It was a helluva hella corndog that day before the other day. Matt put on a good show with only three days notice. I wanted to take one photo outside Wa Legal but I didn’t then I actually tried to take one sitting in Louisa Boren and my device was frozen inoperable touch screen no touchy touchy so no photo bro. If I did take that photo it would be here side by side with this Hella photo from 12.5 years ago featuring the same Louisa Boren overlook and the same Rob Fury my fellow quinquagenarian. You’ll have to visualize it.
I didn’t wake up the next morning with a corndog tattoo but I know a few people that did.
A highlight for me was having a couple beers with Mr. Corndog on memory lane and talking about the old days of the Seattle that used to be and how there is no job that comes next after being a messenger. There is no promotion because dispatching sucks and so does the office and the mailroom at Lane Powell is not an option. There is no job that years of messengering specifically prepares you for and there is no job that even compares or offers all the little things.
I’m not a messenger but I used to be. Now I’m the final fifty fucking feet guy on an electric assist bathtub so I still get to walk in to offices and deliver things and walk out.
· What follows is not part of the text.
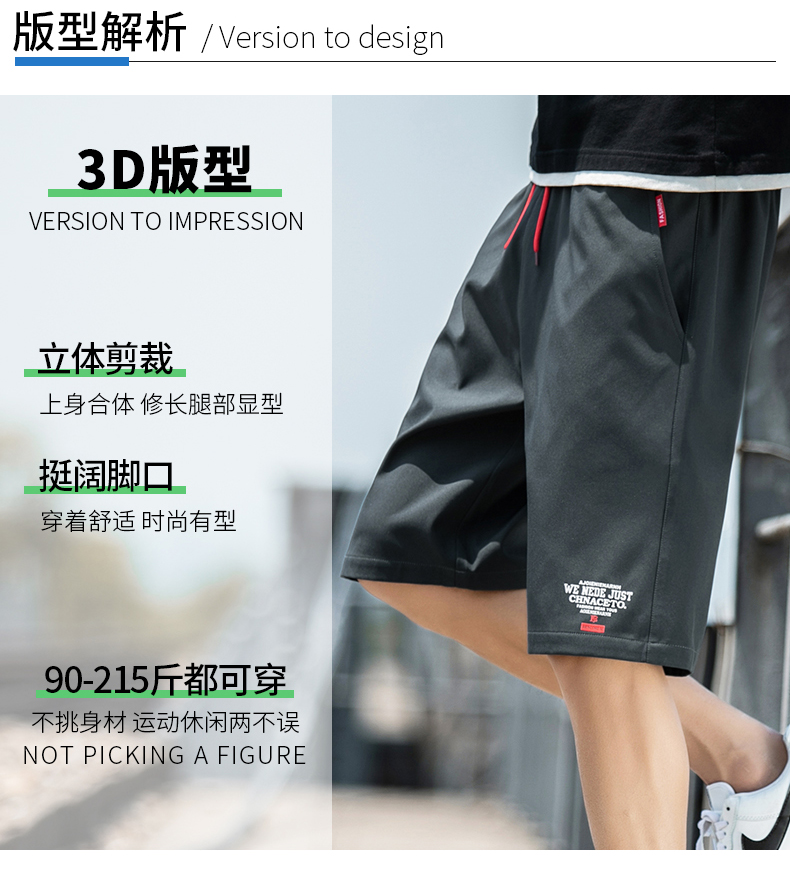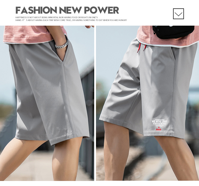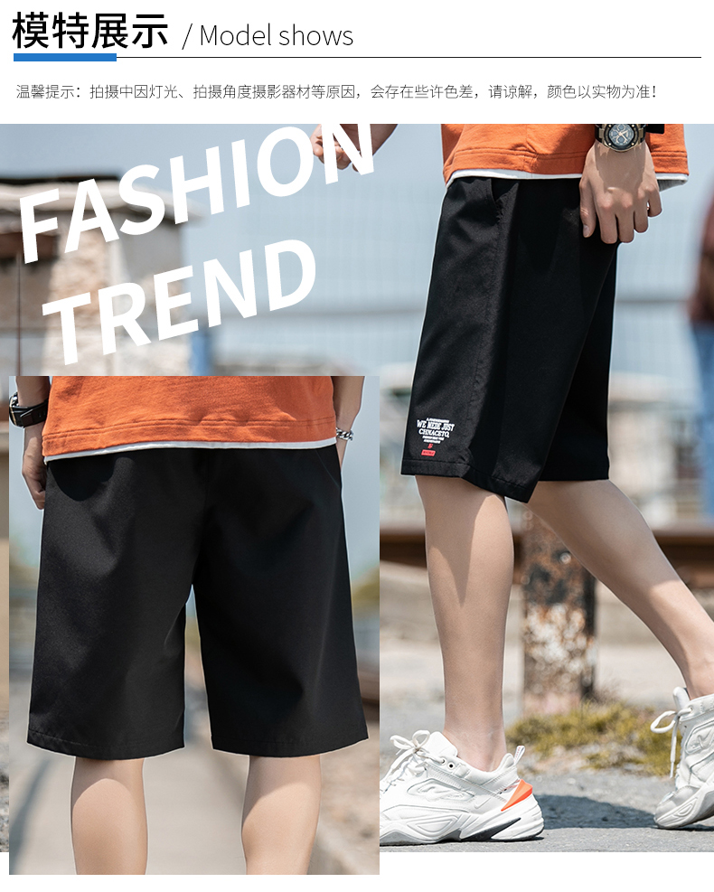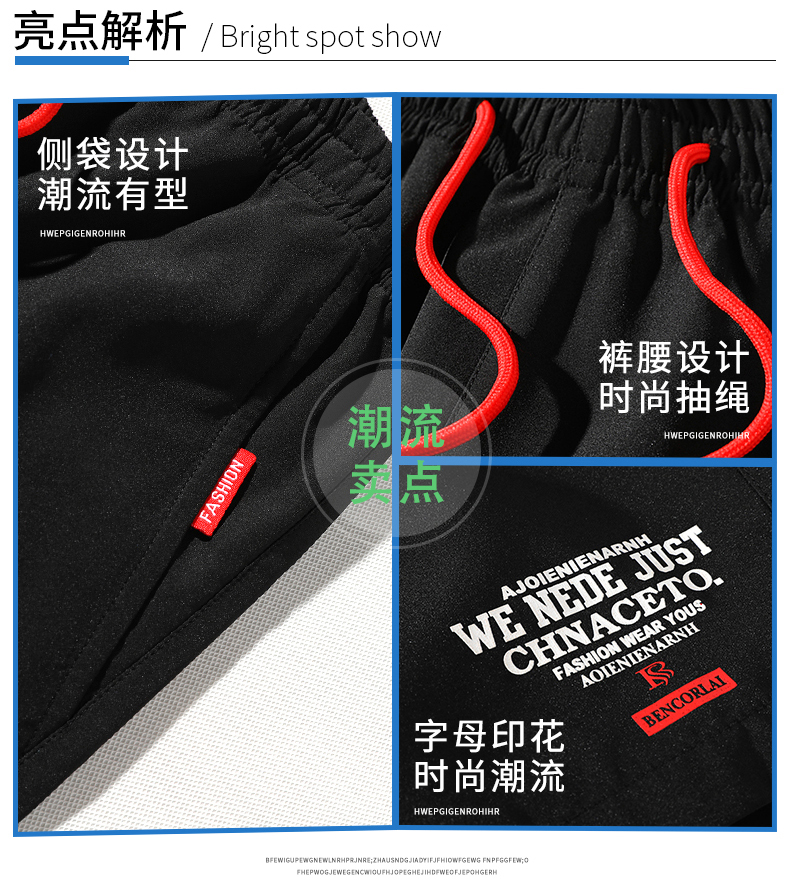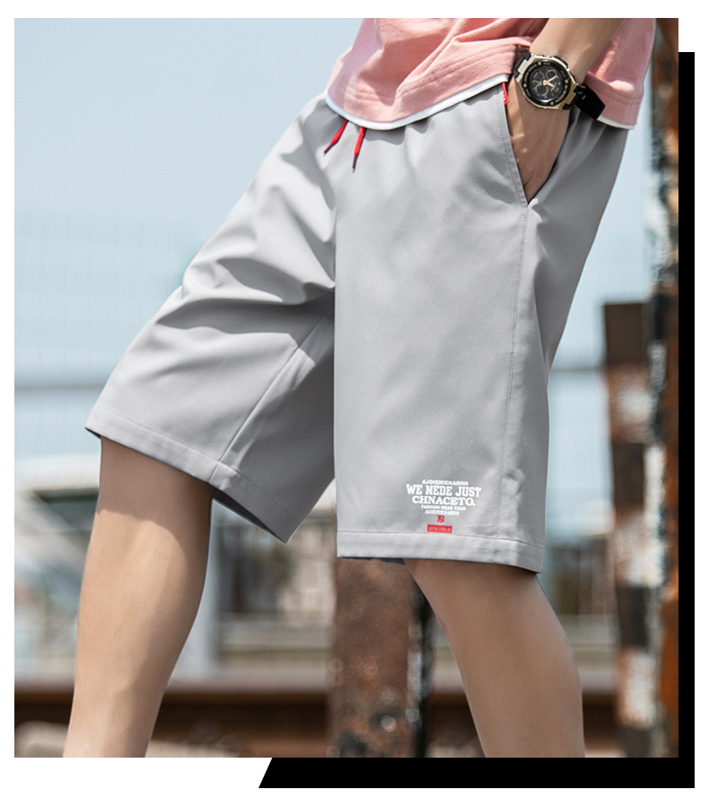 2021男式柔软布料中腰休闲现货青少年黑色字母弹力裤休闲裤五分裤

Just this afternoon I walked into an office and kind of had to hold my breath as to not inhale too deeply the perfumes, colognes, microwave popcorns, air fresheners, aerosolized feces and simple chronic halitosis that stews and festers and makes up the atmosphere of indoor air and when I got back outside I shook my head and took a deep breath and reminded myself why I’m glad I don’t fucking work in there.
Here's to you Steve. this bud's for you and this 1999 commercial sums it up you'll just have to change the names as you hum it to yourself and put in all the security guards, traffic cops, receptionists, elevator operators, paralegals, court clerks, US marshalls, bank tellers, baristas, bar tenders, dispatchers, office workers, mail room dudes and other messengers that give you the subtle nod of recognition and respect that you've earned over the last 20 years.
your rookie moment of learning that loose gravel over train tracks will land you on your ass, marvelous, your exclamation of "shit or fuck" eternally echoes, the look of third crossing that finish line thinking they won, realizing they didnt as eddie passed you the yellow: priceless. in the 5 states i have ridden, of my top five rides that ride will always ebb and flow between one and crash on second as the top ride of all time. a bike, a good route and you have all you need.
"every unexpected event is something you’d known all along but had only forgotten for a moment."
"there is no job that comes next after being a messenger. There is no promotion because dispatching sucks and so does the office and the mailroom at Lane Powell is not an option. There is no job that years of messengering specifically prepares you for and there is no job that even compares or offers all the little things."
You really hit the nail on the head with those observations Mark. So true.
You sum it up so eloquently and completely in that third paragraph. I find it impossible over the years to describe or explain that job to anyone who hasn’t done it, and there’s immediate understanding amongst those that have that is unparalleled in any of the many other jobs I’ve had.
"I'm definitely not doing it for the money," said Mark Pilder, 38, a legal messenger for 10 years. "I like the job more than all the other jobs I had. Or I dislike it less."
It was supposed to be a summer gig between college and grad school, where Pilder had been accepted to study education. But like many messengers, he relished the job's freedom, camaraderie and physicality. He tried to quit four times.
"I went into this cage," he said of a stint in a bike shop. "My friends would ride up, say hi and ride away, and I was stuck in this little cage."
it's in the PI: https://www.seattlepi.com/local/article/The-plea-of-a-dying-breed-Don-t-kill-the-bike-1265455.php
a fleetfoot or elliott bay cat that is nameless to me. i just remember he wore a flannel shirt all the time or what seemed like all the time because i only ever saw him in his flannel.
no, not that guy the other guy with short hair. yes, that guy.